**PROBLEM TO WORK ON**
Could you repeat the entries below exactly, but only from the line with "各个社团,设置了孔子射艺展示" through the line with "This floating rubbish", and without any picture?

**SUPPLIED DATA**
== Segment start ==

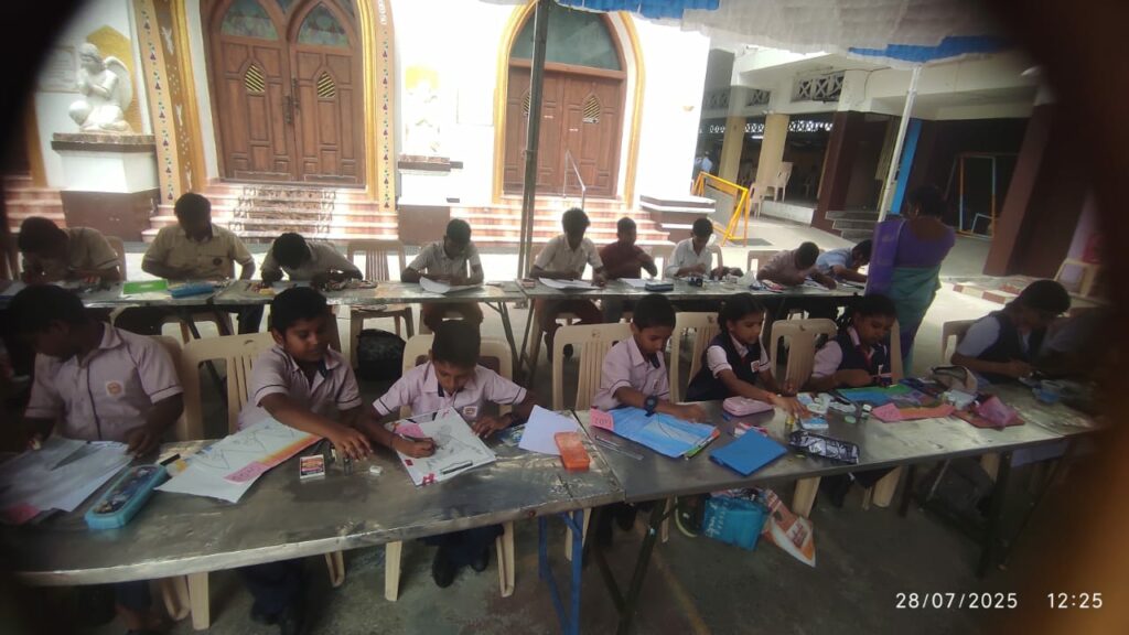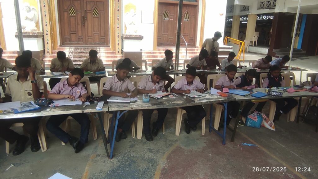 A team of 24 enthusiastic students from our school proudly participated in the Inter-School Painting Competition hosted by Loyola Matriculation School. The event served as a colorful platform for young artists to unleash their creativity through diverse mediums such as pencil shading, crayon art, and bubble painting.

== Segment end ==
== Segment start ==

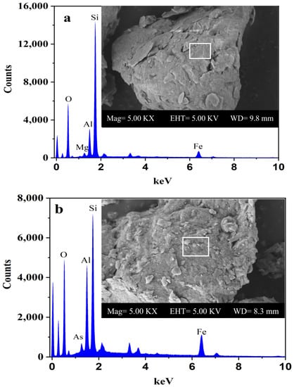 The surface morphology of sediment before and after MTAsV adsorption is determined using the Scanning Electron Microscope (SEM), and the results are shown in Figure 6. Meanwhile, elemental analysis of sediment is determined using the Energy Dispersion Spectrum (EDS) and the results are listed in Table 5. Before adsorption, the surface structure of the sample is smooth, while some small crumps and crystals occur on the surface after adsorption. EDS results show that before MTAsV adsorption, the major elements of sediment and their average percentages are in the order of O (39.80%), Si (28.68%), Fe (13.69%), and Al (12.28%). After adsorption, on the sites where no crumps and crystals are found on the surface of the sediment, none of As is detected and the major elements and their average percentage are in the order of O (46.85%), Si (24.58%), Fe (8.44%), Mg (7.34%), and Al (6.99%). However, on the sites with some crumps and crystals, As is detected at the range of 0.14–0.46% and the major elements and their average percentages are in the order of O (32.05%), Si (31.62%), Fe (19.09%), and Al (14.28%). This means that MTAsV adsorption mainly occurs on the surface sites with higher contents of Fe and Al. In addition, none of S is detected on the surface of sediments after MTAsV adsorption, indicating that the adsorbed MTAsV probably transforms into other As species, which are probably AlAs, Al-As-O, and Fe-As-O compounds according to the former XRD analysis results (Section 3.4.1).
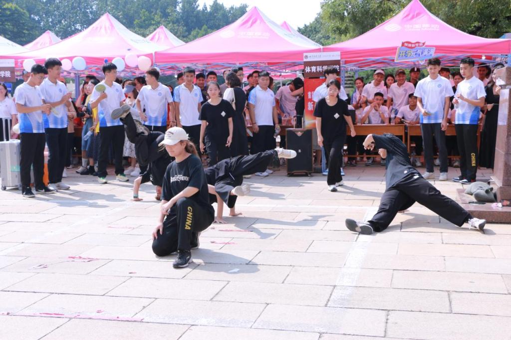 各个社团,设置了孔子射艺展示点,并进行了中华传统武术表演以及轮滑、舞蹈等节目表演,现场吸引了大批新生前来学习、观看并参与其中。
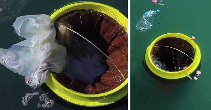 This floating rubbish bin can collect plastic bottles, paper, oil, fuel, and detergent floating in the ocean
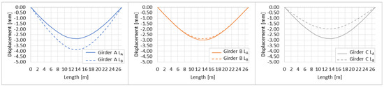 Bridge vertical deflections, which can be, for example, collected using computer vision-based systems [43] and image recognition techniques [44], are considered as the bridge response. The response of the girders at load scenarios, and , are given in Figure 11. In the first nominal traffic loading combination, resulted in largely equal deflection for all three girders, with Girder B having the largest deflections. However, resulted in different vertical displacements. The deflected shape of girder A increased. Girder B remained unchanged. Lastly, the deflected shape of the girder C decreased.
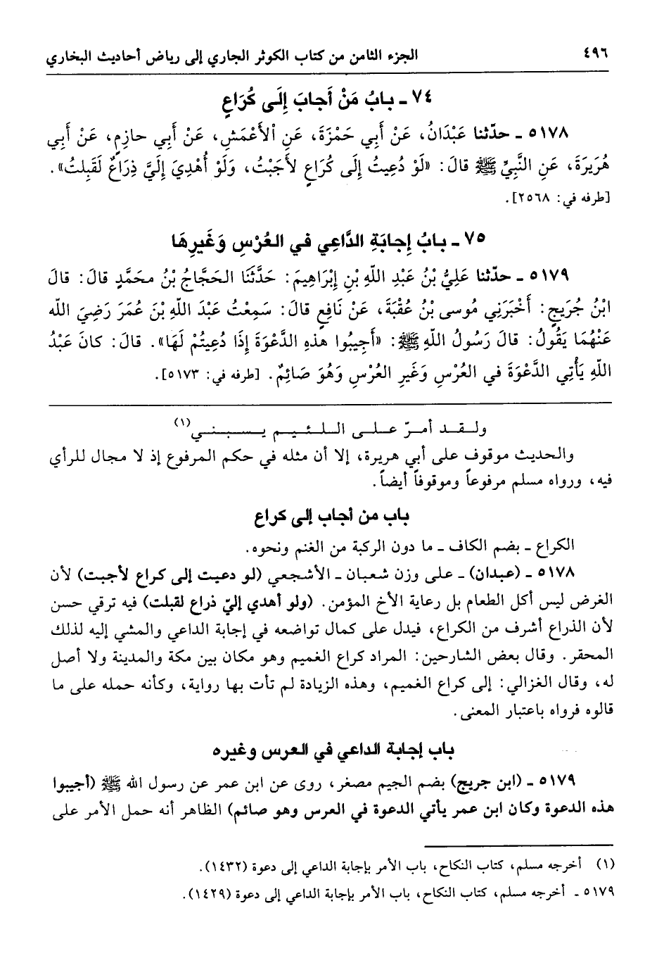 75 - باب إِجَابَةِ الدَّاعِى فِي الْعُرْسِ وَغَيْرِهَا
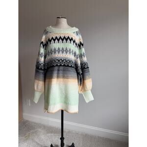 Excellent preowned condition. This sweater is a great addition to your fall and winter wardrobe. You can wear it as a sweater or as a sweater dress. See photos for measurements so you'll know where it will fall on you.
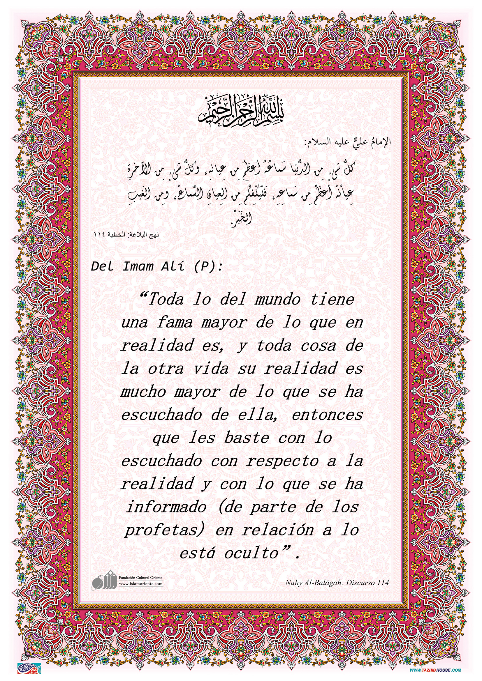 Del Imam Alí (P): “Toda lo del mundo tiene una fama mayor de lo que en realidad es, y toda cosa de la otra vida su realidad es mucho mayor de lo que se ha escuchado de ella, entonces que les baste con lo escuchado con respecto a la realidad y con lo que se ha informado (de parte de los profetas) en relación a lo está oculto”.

== Segment end ==

**RESULT OF THE EXERCISE**
 各个社团,设置了孔子射艺展示点,并进行了中华传统武术表演以及轮滑、舞蹈等节目表演,现场吸引了大批新生前来学习、观看并参与其中。
 This floating rubbish bin can collect plastic bottles, paper, oil, fuel, and detergent floating in the ocean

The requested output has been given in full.